The court finds it unnecessary to address the other five factors of Sports Racing, where Cessna does not even argue that any of the other factors weigh against conferring standing under the facts of this case. Cessna has the burden of establishing that it is entitled to summary judgment and the court will not construct arguments on its behalf. This would be unfair to Mellon, who would have no opportunity to respond to such arguments. Accordingly, Mellon has standing to assert his antitrust claims.

 
B. Relevant Market for Jet Aircraft.

Mellon argues the relevant market for his Section 2 claim is business jets that can be flown by a single pilot and that Cessna possesses monopoly power in that market. Cessna argues (1) Mellon has defined the market too narrowly, and (2) Mellon cannot show Cessna has monopoly power in the relevant market, regardless of which definition is used. Cessna argues that Mellon has the burden of establishing the relevant market and that Cessna has market power in that market.

The purpose in antitrust law of market definition is to illuminate a practice's effect on competition, rather than as an end unto itself. Law v. National Collegiate Athletic Assoc., 134 F.3d 1010, 1020 (10th Cir. 1998). Accord, Allen-Myland, Inc. v. International Business Machines Corp., 33 F.3d 194, 209 (3rd Cir.) ("Market share is just a way of estimating market power, which is the ultimate consideration. When there are better ways to estimate market power, the court should use them.") (citations omitted), cert. denied, 513 U.S. 1066, 115 S. Ct. 684, 130 L. Ed. 2d 615 (1994). What Mellon must actually do is present a reasonable economic theory with citations to evidence indicating the theory accurately reflects the market. Kodak, 504 U.S. at 468-69, 112 S. Ct. 2072. If Mellon cites evidence of anti-competitive effects, to obtain summary judgment Cessna has the burden of showing that an inference *1192 of market power is unreasonable. Id., 504 U.S. at 468-69, 471, 112 S. Ct. 2072.

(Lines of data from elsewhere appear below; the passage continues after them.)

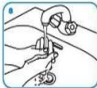
Enjuáguese las manos con agua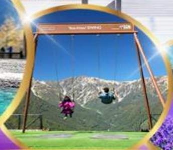
ชิงช้า Yoo hoo! Swing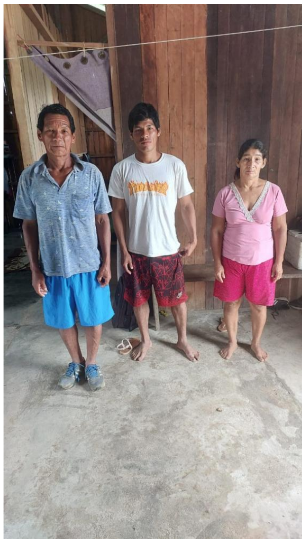
Jefe de la comunidad nativa Bellavista.

La autoridad también contó que han visto agricultores, probablemente cocaleros, que usan campamentos y trochas que dejan los madereros ilegales. También se ven personas extrañas caminando por el lugar, añadió.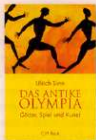
Ulrich Sinn Das antike Olympia Götter, Spiel und Kunst

[Thorbecke, Ostfildern 2004, 208 S., 400 Abb., € 29,90]

Law held that it is not necessary for a plaintiff to establish market power where a plaintiff directly shows anti-competitive effects, such as control over output or price. Law, 134 F.3d at 1019-21. In Law, the Tenth Circuit found evidence that the NCAA imposed a cap on salaries for certain assistant coaches at member schools was sufficient to show anti-competitive effects. It was not necessary for the plaintiffs to present an elaborate demonstration of the relevant market. Id. As discussed below, for summary judgment purposes Mellon has established a relevant product market and produced direct evidence of anti-competitive effects. While Mellon's evidence of anti-competitive effects is not as direct as that presented in Law, Law is important because it illustrates the perspective from which the definition of relevant market must be established.

In Kodak, the defendant was a manufacturer of complex business machines and also serviced the machines. Other manufacturers of similar machines existed. However, parts for the machines were not interchangeable. The plaintiff cited evidence that the defendant restricted access to parts for other service providers, that customers switched to the defendant's service, and that some service providers went out of business as a result. The Supreme Court held this was sufficient evidence to raise a material question of fact for the jury. Kodak, 504 U.S. at 460, 112 S. Ct. 2072.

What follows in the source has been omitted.